Just to make it clear. I am not suggesting that people should squander their money instead of saving for retirement. 

I strongly recommend that people should save for retirement. I just don't recommend using a pension fund anymore. 

I feel a Key Post coming on...

If your employer is matching your contributions, then it is worth contributing to a pension fund. 

Brendan


----------



## T McGibney (8 Sep 2011)

Brendan Burgess said:


> At the end of this year, the tax relief is being reduced from the tax rate.



Is this a certainty? I think not. The Finance Minister who made this proposal is not only no longer in office (ditto his party) but he is also, sadly, deceased. There is no indication that his successor agrees with him.


----------



## LDFerguson (8 Sep 2011)

Brendan Burgess said:


> Hi Aisling
> 
> You should save for your retirement.
> 
> ...


 
Hi Brendan, 

You already did a Key Post on this which wasn't nearly as sweeping. 

In reality, only a certain percentage of the population will have pensions that are big enough to put them into the higher rate when they retire. And even those that do won't be paying the high rate on ALL their pension - only on some of it. The rest will be either exempt or taxable at the lower rate. 

So only those lucky ones who know their pension is already big enough to knock them into the top rate of tax should consider ceasing contributions *IF* tax relief is reduced on contributions in the future. Everyone else should look at their own circumstances. 

Key Post


----------



## Marc (8 Sep 2011)

You are 25 now so current tax rates should not feature at all in your long term retirement plans.

Things will change a lot more in the 30 or 40 years ahead.

You currently receive a tax deduction on contributions albeit probably reduced in the future.

You pay only 0.6%pa on profits both income and capital gains compared to 27%pa in a gross roll up fund or 25% on capital gains tax with dividends and rent also subject to marginal rate tax on investments outside a pension.

In retirement currently 200k is tax free as a lump sum with a couple able to earn 40 grand every year before paying any income tax. So currently there are plenty of tax incentives associated with traditional pension planning.

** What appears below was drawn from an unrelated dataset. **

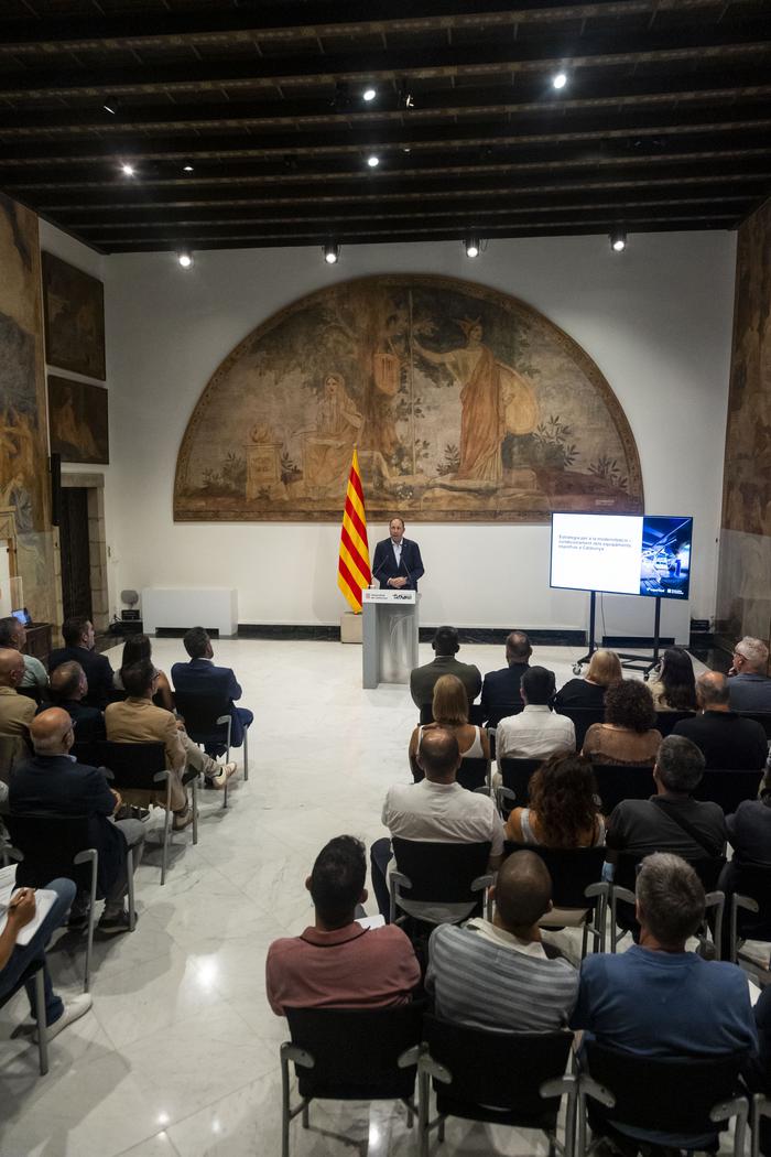 El conseller d’Esports, Berni Álvarez, ha presentat avui al Palau de la Generalitat l’estratègia de suport a la modernització i condicionament de les instal·lacions esportives de Catalunya. Una iniciativa “prioritària pel Departament d’Esports”, dotada amb 120 milions d’euros, amb l’objectiu de garantir la qualitat, la seguretat, l’accessibilitat, l’eficiència i la sostenibilitat de les instal·lacions esportives públiques del país, “moltes de les quals estan envellides i presenten deficiències importants”.

A rule of thumb on contributions is a percentage of your gross earnings which is half your age so a 25 year old should be paying about 12.5% of top line earnings.

Another rule of thumb is the amount you need to save doubles every 5 years just to get the same result.

So
If you could have managed on €100pm at age 20 you would now need to save €200pm just to catch you aged 20. By age 30 the amount will be €400 pm just to get the same retirement fund as you aged 20.

Cost of delay and inadequate contributions are the real problems with retirement planning.

Marc Westlake CFP
CERTIFIED FINANCIAL PLANNER


----------



## aishling (8 Sep 2011)

Thanks for all the advise guys! I went ahead and transfered my pension to my new employers fund & went with 5% contributions. My salary has increase quite a bit so I dont really notice the difference at the moment.

I will certainly re-access if the government change the relief. Im building at the moment so have half a mortgage and no other debts, I would consider myself a saver rather than a spender. Maybe when Im paying a full mortgage Ill consider lovering pension and increasing mortgage repayments as suggested.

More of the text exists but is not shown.